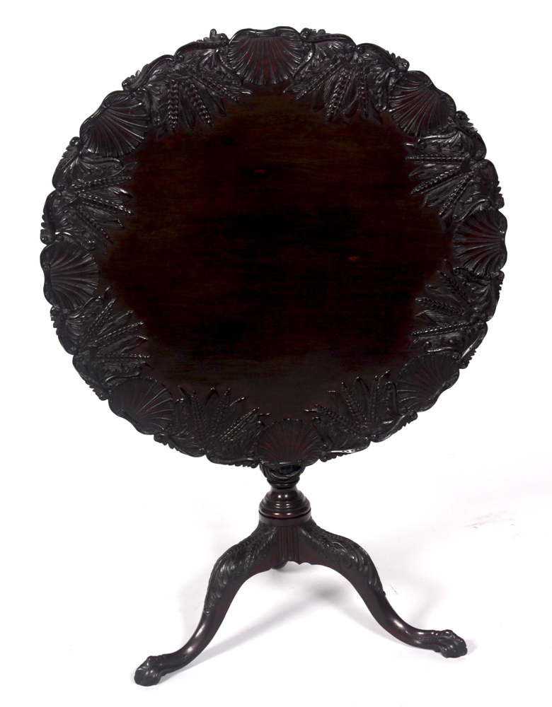 the scallop shell and barley carved circular top, raised on fluted tapering turned column and acanthus carved cabriole legs terminating in claw and ball feet
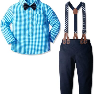 Yilaku Little Boys Gentleman Outfits Suits Set Infant Long Sleeve Shirt+Suspender Pants+Bow Tie Overalls Clothing Set Kids Christmas Colorful Clothes
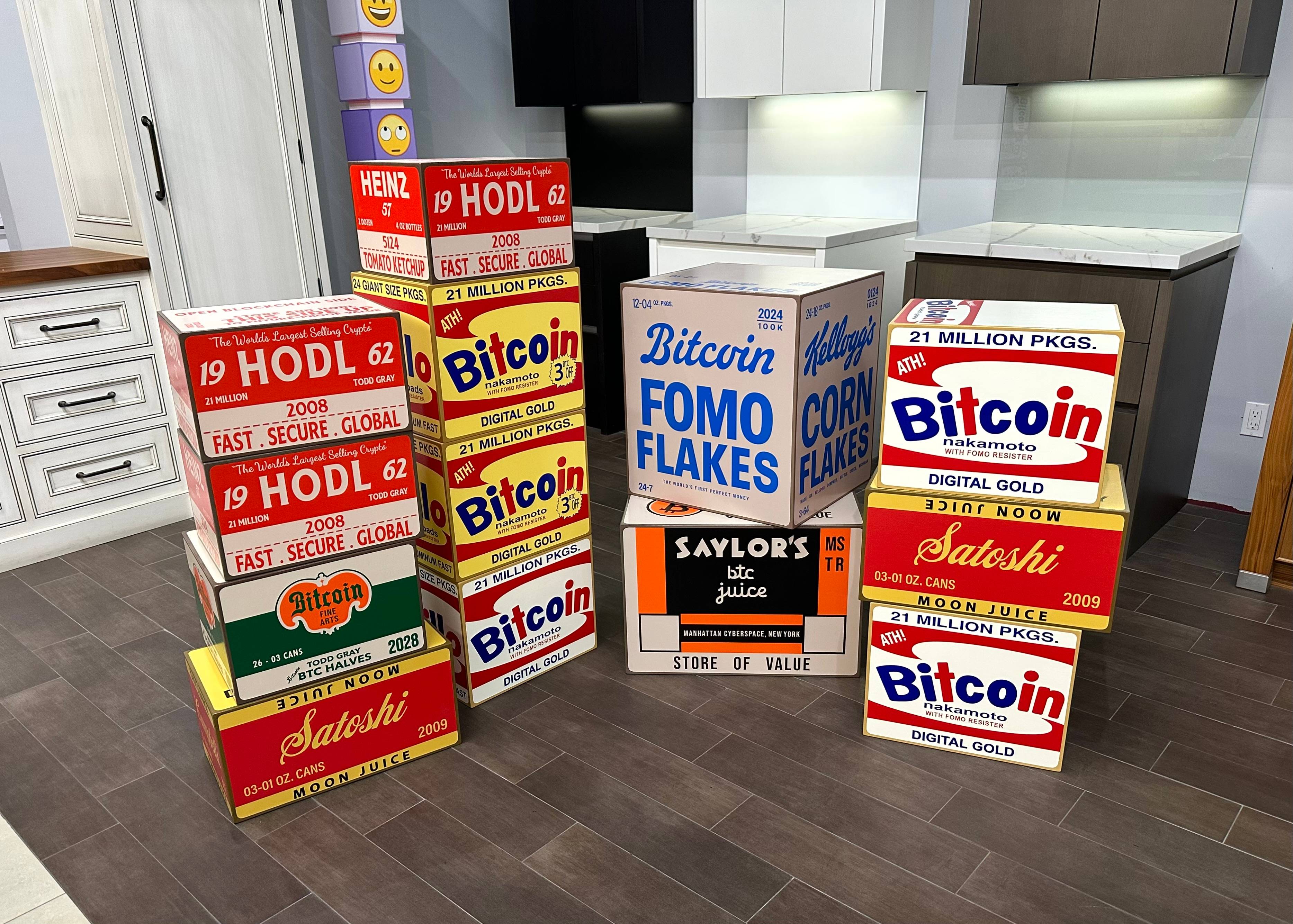 Andy Warhol inspired Bitcoin boxes. There are seven different styles. The complete set of seven has a gallery retail value of $22,900. For this Bitcoin conference there will be a special price of $12500 for the complete set. Open edition.
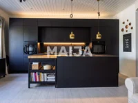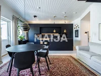 La cocina y la sala de estar forman una zona de estar cómoda y unificada con acceso a la terraza. En la planta baja encontrará un dormitorio con un walk-in closet, sauna, baño y lavadero. Arriba hay un amplio vestíbulo con una bomba de calor de aire, que es perfecta como una estación de trabajo remota o una habitación de invitados. Hay acceso al aseo y al guardarropa desde el vestíbulo. Arriba hay también el amplio dormitorio principal del apartamento con su propio walk-in closet.
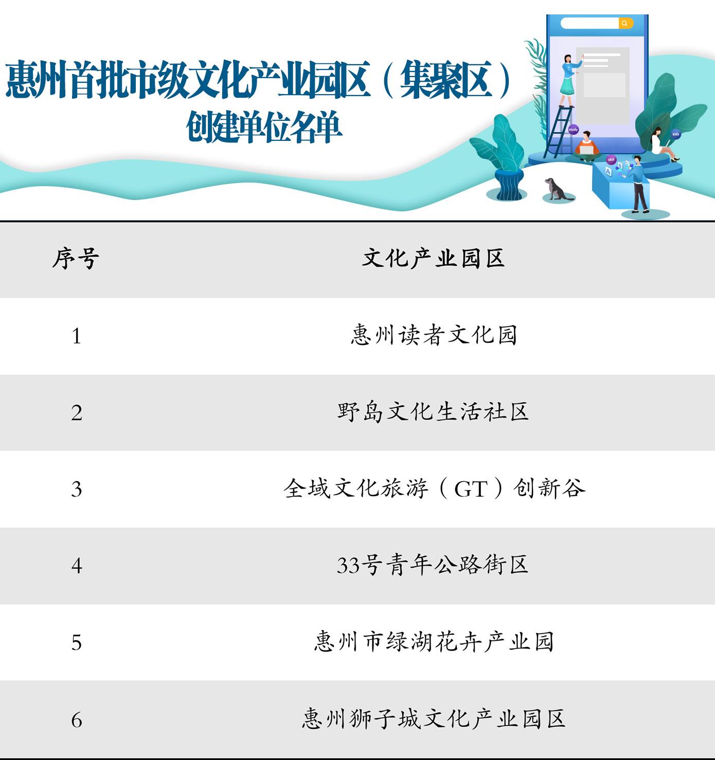 为推动惠州文化产业高质量发展,进一步引导全市文化产业更具规模化集聚化,根据《广东省文化厅省级文化产业园区管理办法》,惠州市文化广电旅游体育局将读者文化园、野岛文化生活社区、全域文化旅游GT创新谷、33号青年公路街区、绿湖花卉产业园、狮子城文化产业园区6家园区,确定为惠州首批市级文化产业园区创建单位。
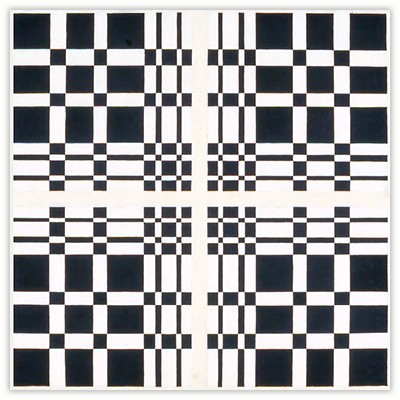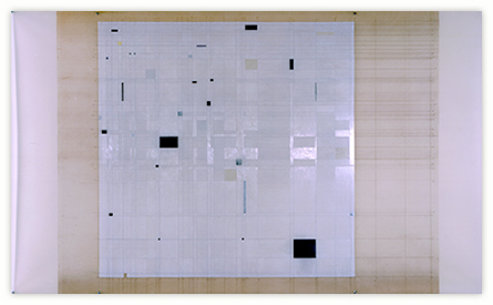 In the late 80s I began to investigate algorithms as a way to allow for consequent decisions when working with geometric forms. I was looking for correspondences between the body and the environment, for a way of enhancing the potential for proportional relationships to create spatial harmony. Using intervals based on the numeric code I discovered in the cross patterns of liturgical vestments of orthodox icons, I developed a harmonic grid to use as an underlying structure for my paintings. As geometry it’s quite simple and uses the relationship between the side of a square and its diagonal as its armature.
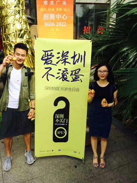 为了宣传这次生日会,施乐乐和她的同事在10个人流最密集的地铁口分发早餐鸡蛋,每一个鸡蛋上都写着“爱深圳,不滚蛋”,他们花了一天的时间,煮熟了8260个鸡蛋。
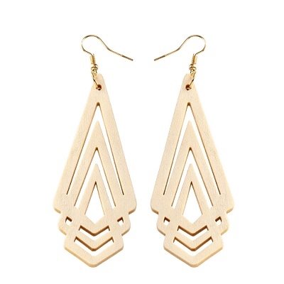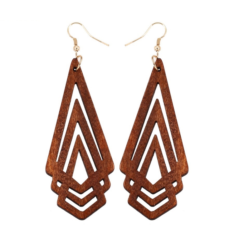 1 Pair Natural Wooden Earrings Geometic Hollow Triangle Personality Simple Fashion Jewelry For Woman

#####

Give back exactly the lines from the one containing "为推动惠州文化产业高质量发展" to the final line of the entries, both included, and no picture.

 为推动惠州文化产业高质量发展,进一步引导全市文化产业更具规模化集聚化,根据《广东省文化厅省级文化产业园区管理办法》,惠州市文化广电旅游体育局将读者文化园、野岛文化生活社区、全域文化旅游GT创新谷、33号青年公路街区、绿湖花卉产业园、狮子城文化产业园区6家园区,确定为惠州首批市级文化产业园区创建单位。
 In the late 80s I began to investigate algorithms as a way to allow for consequent decisions when working with geometric forms. I was looking for correspondences between the body and the environment, for a way of enhancing the potential for proportional relationships to create spatial harmony. Using intervals based on the numeric code I discovered in the cross patterns of liturgical vestments of orthodox icons, I developed a harmonic grid to use as an underlying structure for my paintings. As geometry it’s quite simple and uses the relationship between the side of a square and its diagonal as its armature.
 为了宣传这次生日会,施乐乐和她的同事在10个人流最密集的地铁口分发早餐鸡蛋,每一个鸡蛋上都写着“爱深圳,不滚蛋”,他们花了一天的时间,煮熟了8260个鸡蛋。
 1 Pair Natural Wooden Earrings Geometic Hollow Triangle Personality Simple Fashion Jewelry For Woman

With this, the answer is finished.